> Data supplied:

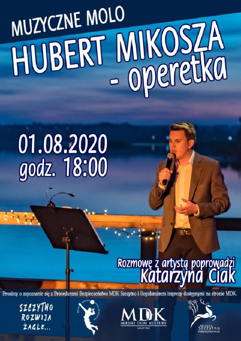 Przed nami kolejny koncert z cyklu „Muzyczne Molo”. W sobotę, 1 sierpnia, w repertuarze operetkowym, wystąpi Hubert Mikosza. Początek wydarzenia godz. 18. Wstęp wolny. Szczegóły na plakacie.
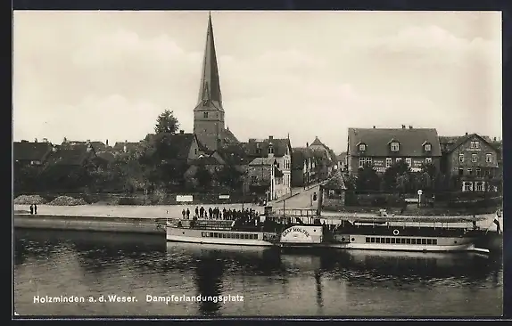 AK Holzminden a. d. Weser, Dampferlandungsplatz mit Dampfer Graf Moltke
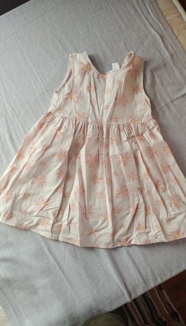 Kolsuz, düğmeli ve bol kesim kız elbisesi. Bej pastel renk ve batik desenli, askısız yakalı bohem tarzda.
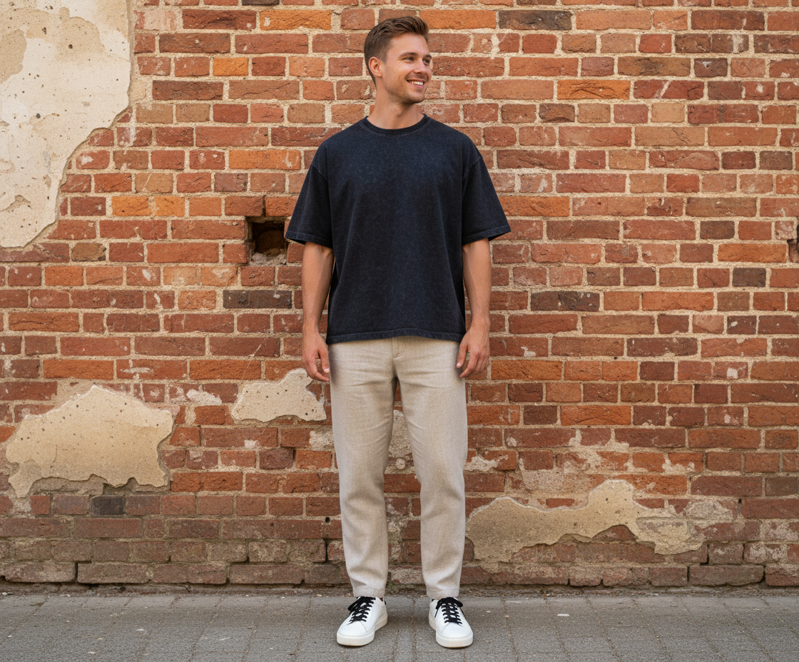 Мужская футболка высокого качества из премиального плотного хлопка с добавлением вискозы.
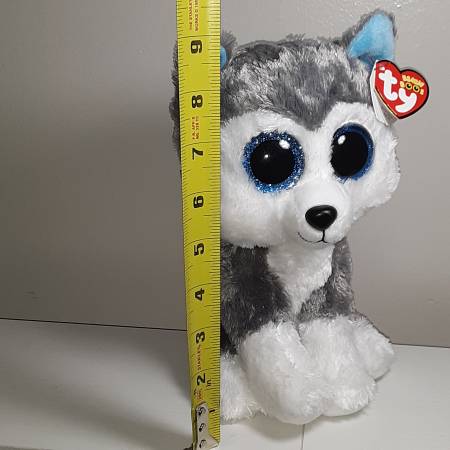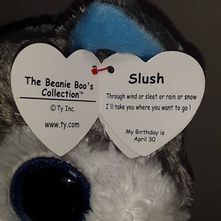 Made with super soft Ty Silk fabric Cuddly white and grey fur Sparkly blue Beanie Boo eyes Includes official Ty Heart with birthday and poem Surface clean only Asking $8.00 cash
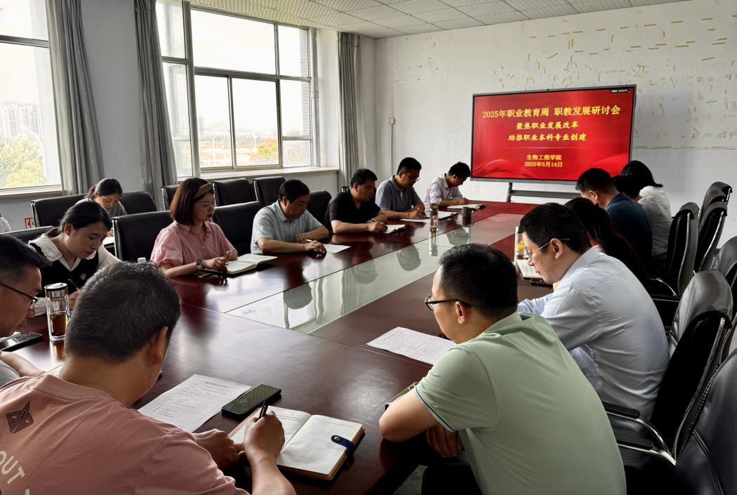 为深入宣传贯彻全国、全省职业教育周有关精神,5月14日下午,AC米兰中文官方网站在生化楼A311党员活动室举办了职教发展研讨会。会议由副院长方丽波主持,学院党政班子成员参加会议,汇聚了副高以上职称教师、博士、教研室主任以及专业负责人等,共同围绕如何聚焦职业教育发展改革与助推职业本科专业创建展开深入研讨。
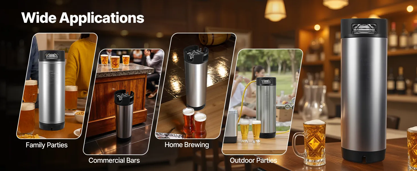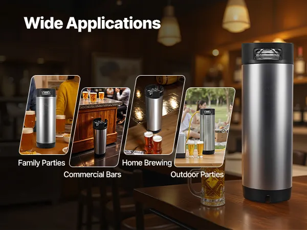 Wszechstronność: Jako element domowego zestawu do warzenia piwa, ta beczka Corny Keg nadaje się do piwa, lemoniady, kawy parzonej na zimno, cydru lub wina. Idealnie nadaje się na nieformalne spotkania, dla piwowarów domowych i do barów, oferując wszechstronne zastosowanie do różnych napojów i w różnych warunkach.

> Task to carry out: Exactly as written, repeat the lines from the beginning of the entries up to and including the line with "AK Holzminden a.", but not the pictures.

> Solution to the problem:
 Przed nami kolejny koncert z cyklu „Muzyczne Molo”. W sobotę, 1 sierpnia, w repertuarze operetkowym, wystąpi Hubert Mikosza. Początek wydarzenia godz. 18. Wstęp wolny. Szczegóły na plakacie.
 AK Holzminden a. d. Weser, Dampferlandungsplatz mit Dampfer Graf Moltke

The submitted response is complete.